Within two months of the election, the new black majority on the school board voted to reassign the district’s only two white administrators, Sanders and Superintendent Wayne Thompson, to diminished positions. Sanders’ new assignment was food services assistant.

Within five months of Sanders’ reassignment, the school board’s black members moved to eliminate the position of food services assistant. The motion failed after one of the members withdrew her second, however.

Sanders took sick leave after being reassigned and remained on sick leave from November 2007 through August 2008. During that time she repeatedly asked the board for a job description defining her new duties, but none was provided.

In August 2008, the superintendent told her in a letter that he was recommending she be fired because of her extensive sick leave. She submitted a letter of resignation in September 2008 and later filed a lawsuit alleging racial discrimination, a hostile work environment and constructive discharge on the basis of race — i.e., that she was forced to quit because she is white.

The claim of a hostile work environment was dismissed, but the other allegations went to trial. The defendants argued at the trial that Sanders was demoted because of insubordination and was not discharged.

The jury ruled in Sanders’ favor and awarded her $10,000 in compensatory damages for emotional distress caused by discrimination, $60,825 in lost wages and benefits for being constructively discharged, and a total of $8,000 in punitive damages to be paid by certain school board members.

A federal judge later reversed the jury’s finding that Sanders was constructively discharged and reversed the award of punitive damages, though the judge left intact the racial discrimination claim and the jury’s award of $10,000 in compensatory damages.

Sanders requested nearly $47,000 in attorney’s fees, but the federal judge awarded her only about $3,000.

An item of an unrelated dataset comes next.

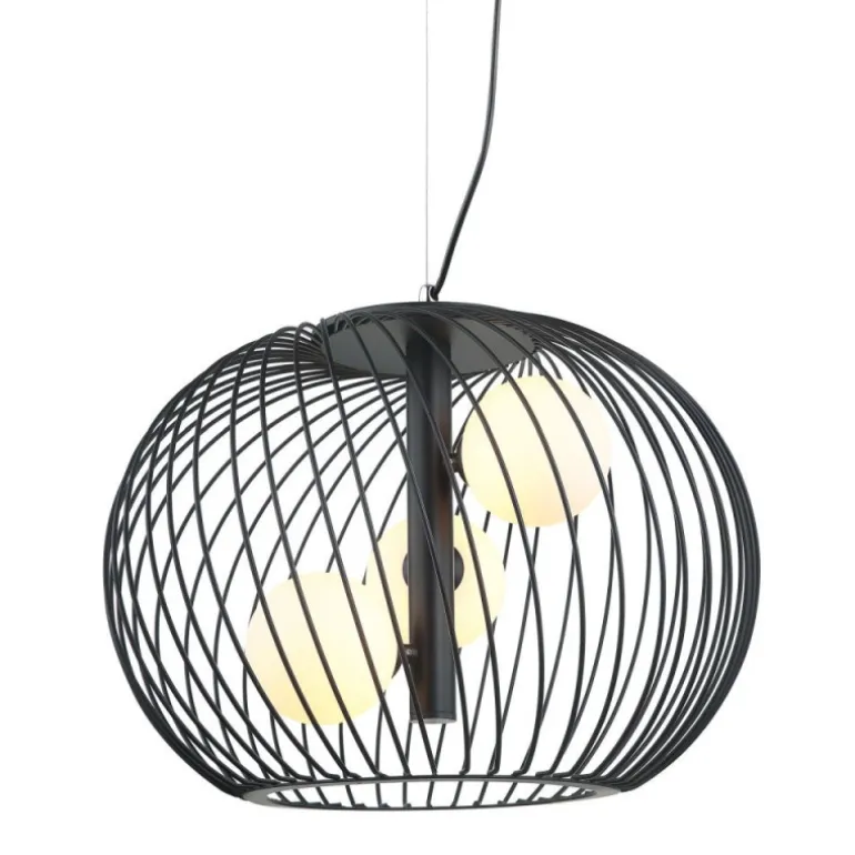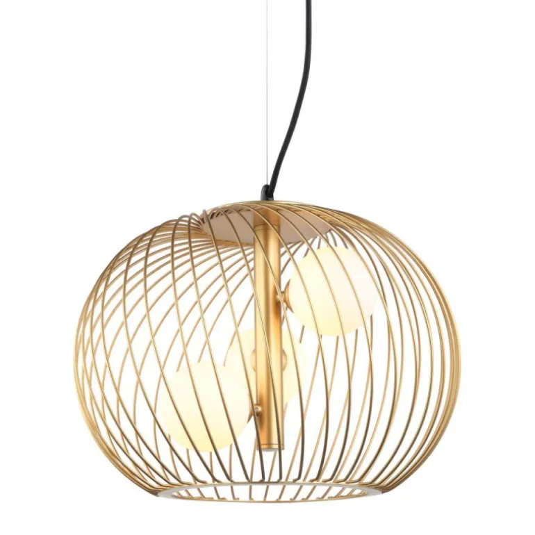 Lampa wykonana jest w stylowych kolorach złotym i czarnym, co dodaje jej wyrafinowanego wyglądu. Trzy klosze w kształcie kul, osadzone na wysokości 37 cm, tworzą efektowną kompozycję, która przyciąga wzrok i doskonale rozprasza światło. Jej średnica wynosi 43 cm, co sprawia, że jest wystarczająco duża, aby oświetlić przestrzeń, ale jednocześnie nie przytłacza wnętrza.

Tuesday, a three-judge panel of the 8th Circuit reversed the judge’s ruling that Sanders was not constructively discharged.

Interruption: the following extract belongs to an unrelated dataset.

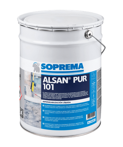 - Alsan® Pur 101 se usa en sistemas de impermeabilización líquida de poliuretano sobre soportes de hormigón a los que cierra el poro, penetrando en el soporte.

“The evidence showing the board summarily reassigned the only two Caucasian employees in administrative positions shortly after the racial composition of the board changed, and then subsequently voted to eliminate the position to which Sanders had been reassigned, suffices as evidence of the board’s intent to force Sanders to quit,” Judge Kermit Bye wrote in the opinion.

Bye also wrote that it was “telling” that the board never provided Sanders with a job description outlining her new duties after reassigning her.

The 8th Circuit ordered new proceedings to determine whether Sanders should receive punitive damages. The jury was not properly instructed to consider whether the defendants knew they were violating federal law, the appeals court said.

The appeals court also ordered new proceedings to determine how the award of attorney’s fees should be affected by its ruling Tuesday.